Good luck, they're a rip off conglomerate monopoly over here that should be dis-embowled like Microsoft. I hate the bastids.


----------



## John Paul Sanborn (Apr 22, 2007)

As everyone says here, the word of mouth referals are the best.

Keep going back to your regular clients with large yards. Call them if it's been a few years since you've been out. Give them inscentive cards to refer people, then gifts if you close a large job.

One of my freinds has an agreement with a restraunt for $5 off $25 gift cert's. He gives them to his clients who refer other good customers.

He's scaled down to a 2 in one column YP add with a tree in it with name and number. Just in case people forget where they have it.


----------



## ropensaddle (Apr 22, 2007)

Man I am with you they rip you a new one. That is highest
price ink I have ever seen and they go up when should be 
comming down. However if your in there when storm comes
it really picks up then!!!1


----------



## CylinderService (May 1, 2007)

I'm in the hydraulics business but I second all of the above. We deal chiefly with other businesses and I can't remember the last time someone said they found us in the yellow pages! So no more $600/month ads for us either.
As far as negotiating with Godzilla, the last couple of years I've told them I would accept a maximum 5% price increase, and surprise!, they found a "program" which would give us that price. You have to be willing to walk away I think. This year we are walking away and will use much smaller ads, assuming they'll give us a fair price. The internet is where our ad money goes now.

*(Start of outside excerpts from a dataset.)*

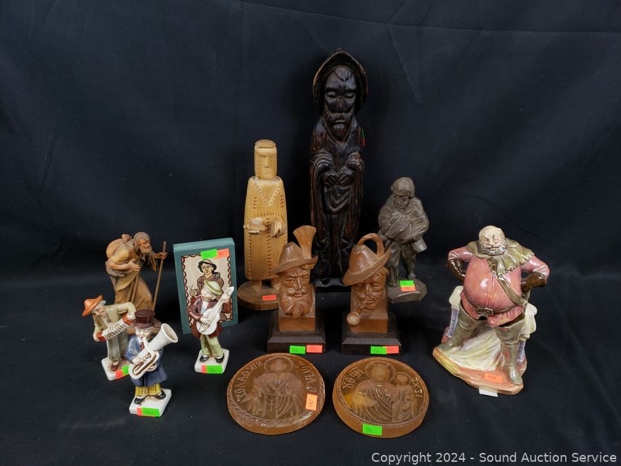 Wood figures look hand carved. Royal Doulton Falstaff figure, San Pasqual signed wood plaque, 3 porcelain musicians. Refer to photos for more details. Approx. 4.75" to 14" tall.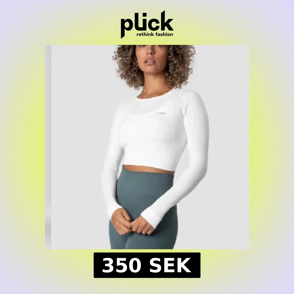 Säljer en vit croppad långärmad topp från ICANIWILL. Tight passform med rund halsringning och diskret logga på bröstet. Perfekt för träning eller när du vill ha en sportig look. Materialet är stretchigt och bekvämt, troligen polyesterblandning.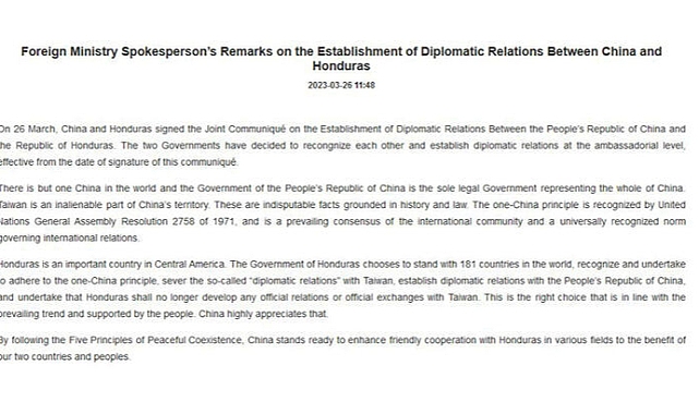 Honduras ve Çin, diplomatik ilişkilerin kurulmasına ilişkin anlaşma imzaladı. Honduras Dışişleri Bakanlığı, Çin ile varılan anlaşma sonrası Tayvan ile diplomatik ilişkileri kestiğini açıkladı.

The yellow pages are a thing of the past, and it couldn't happen to a more deserving bunch!

Don the Hydraulics Guy


----------



## ponderosatree (Apr 16, 2008)

So it's that time of year for me to renew my Yellowpage ad. I analyzed my marketing reports and the Yellowpage ad is basically losing money (not much) but still bringing in a lot of customers. I'm moreorless paying $60 per lead but only getting a return of about $45 per lead.

There's also intangibles to consider like how many of these new leads translate into repeat customers. I've only been tracking leads for about a year now so I don't have the necessary data to figure that out. The other thing to factor in is the decreasing relevance of phonebook ads. In 2004/2005 I received considerably more calls from the phonebook. Now, it feels like I only get a few calls a week. The difference is palpable. 

So now I'm at cross-roads.

Continue on with this expensive ad which will surely decrease in value
Reduce the size/cost of my ad which will surely reduce the amount of leads I get and probably result in the same or worse ROI
Eliminate it completely which I think is a major risk and I really don't want to do it.
Has anyone else noticed a decrease in their phonebook leads in general?


----------



## rbtree (Apr 17, 2008)

ponderosatree said:


> Has anyone else noticed a decrease in their phonebook leads in general?



Very much so....I have two 1/6th page ads in the Seattle directory----color..about $1350 a month total. Response has been getting worse and worse, as more people search online....

I have a service that sends me leads for a fee...far better ROI, though some of the leads are less than optimal.

I'll be reducing my YP ad sizes next year.


----------



## ponderosatree (Apr 17, 2008)

rbtree said:


> as more people search online....
> .



Yeah, that's what I thought. In the last year or so Google has really stepped up local advertising. It's great but my webpage looks terrible and getting that redone was been a top priority for me lately.


----------